Thunderbird 3 improved the filter story dramatically here; the next two biggest itches are the complete inanity that is news URIs (too many bugs to count), and the venerable old crossposts bug. I still contend that the latter would best be served by per-account database functionality; in any case, it does require some database changes to work properly. I doubt I'll find time to look at that bug in particular this year.

The URI issues are more tractable, but I don't think I'll find time to hit them for 3.1; in any case, I now consider them to be the highest priority news bugs. So, to anyone with time on their hands: feel free to take one or two of these and start fixing. You'll get much kudos from Thunderbird Usenet users.

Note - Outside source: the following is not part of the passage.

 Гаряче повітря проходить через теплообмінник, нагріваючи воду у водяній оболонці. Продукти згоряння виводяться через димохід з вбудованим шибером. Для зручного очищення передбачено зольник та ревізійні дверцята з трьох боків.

Other various "nice-to-haves" on my list: fixing subscribe, cleaning up some of the gunk in the code, adding support for RFC 3977 CAPABILITIES, possibly changing how news:a.group URIs work (open the folder view, not necessarily subscribing to them), among others. Combine-and-decode also falls under this list, but it's a lot less tractable than some of the other stuff.

Analysis tools

jshydra could use some more love: I hope to be able to be able to get a converter to a more natural AST working by the end of the year, as well as an automated test suite to verify correctness whenever I change m-c versions. I've also been working on-and-off on getting symbols for DXR via MSVC, which should hopefully also be finished this year.

Other Mozilla/Mailnews work

As I've mentioned before, my biggest goal for 3.1 is to be able to specify new account types in Javascript. I basically have the necessary framework completed locally, I just need to finish writing the tests and fix some bugs before getting it reviewed and committed; after that, I'll be writing a series of blog entries on developing an account type in JS, similar to (and hopefully better than) my pork guides. Speaking of which, I hope to finish that sometime this year as well. Possibly during summer again.

I've yet to see a roadmap for the address book in 3.1 and later, so I don't know what I'll be doing for the address book in this upcoming year. I expect, though, that I won't do anything near the scale of what I did for bug 413260. De-RDF and de-morkification are another two things I'd like to see worked on that I don't expect to get to this next year as well.

Time to see how much I'll actually get done this year!